Mindfulness affects our brain
Mindfulness changes brain patterns. It has been shown to affect how the brain works and even its structure. People undertaking mindfulness training have shown increased activity in the area associated with positive emotion – the pre-frontal cortex – which is generally less active in people who are depressed. The brain is constantly being re-shaped by our experiences and thoughts. The more we worry the better we become at worrying. However, when we practice mindfulness we learn to become calm, clear and focused and this strengthens these networks. It makes sense that it is important to practice mindfulness when we are feeling good and not just in a depressed, anxious or fearful state. This helps us to avoid relapse by keeping the amygdala, that is, the part of the brain involved in the processing and expression of emotions (especially anger and fear) calm and relaxed.
The Amygdala
When the amygdala is activated and we are in fight, flight, freeze or faint mode, the rational mind is diminished and therefore, we see little or no solution. Mindfulness helps dampen down the effects of the amygdala and allows us to stay with the underlying emotion and not engage in self-triggering ruminating and negativity. It also means that we are less likely to be swept away by strong emotions and the power of the amygdala.
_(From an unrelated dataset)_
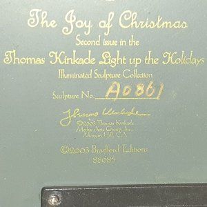 Thomas Kinkade The Joy of Christmas illuminated sculpture from the Light up the Holidays Series, 2nd issue, in 2003. It is 8 inches tall and 7 inches wide. It lights up above the painting as well as the star on the Christmas tree. Batteries NOT included. Smoke free home. Bundle 2 or more items to get a big discount from me!

We can bring choice to our emotions and our thoughts by being aware and accepting of them and in doing so we are playing an active role in changing the way the structure of the brain develops.
Fear
Fear can save lives so it is essential for survival. It can also be a deeply unpleasant feeling that overwhelms us in response to a perceived threat causing us to fight, flight, freeze or faint. This is usually the type of fear that we continually generate in our own minds through ruminating, catastrophizing and negative thinking. These messages are continually reinforcing the threat or danger. We create this intense energy in our bodies and alarm bells go off in our heads telling us we are in danger which, of course, is not the case. It is important that we learn to control our minds as opposed to our world which is, in many ways, out of our control.
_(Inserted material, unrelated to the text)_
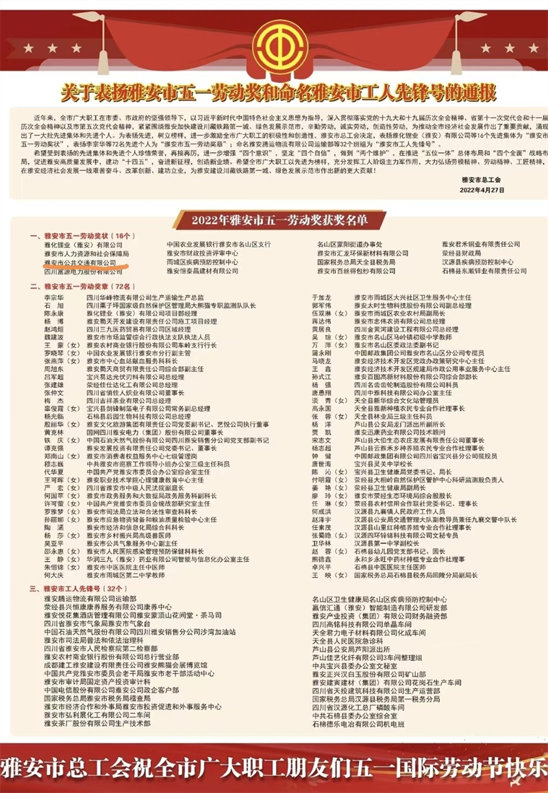 4月28日,市總工會召開2022年雅安市慶!拔逡弧眹H勞動節(jié)暨表揚大會,交建集團(tuán)雅安市公共交通有限公司榮獲全市五一勞動獎狀殊榮。

Mindfulness helps us to acknowledge the fear by naming it. Taking deep breaths will allow us to slow the body down and to bring kindness and compassion to ourselves for being afraid.
According to Professor Mark Williams, who just retired from the Mindfulness Centre at Oxford University, mindfulness practice can reduce the relapse rate for depression. His theory is that when people have been depressed a number of times, their brains create a link between three features:
– a low mood
– very ruminative negative thinking
– physical fatigue
The key is stepping out of rumination and negative thinking which causes the fatigue. If the person can accept the presence of the low mood (which is probably a normal response to an experience) and acknowledge how they are feeling, with patience and compassion, the low mood will pass. Mindfulness takes practice and changing our way of being takes patience!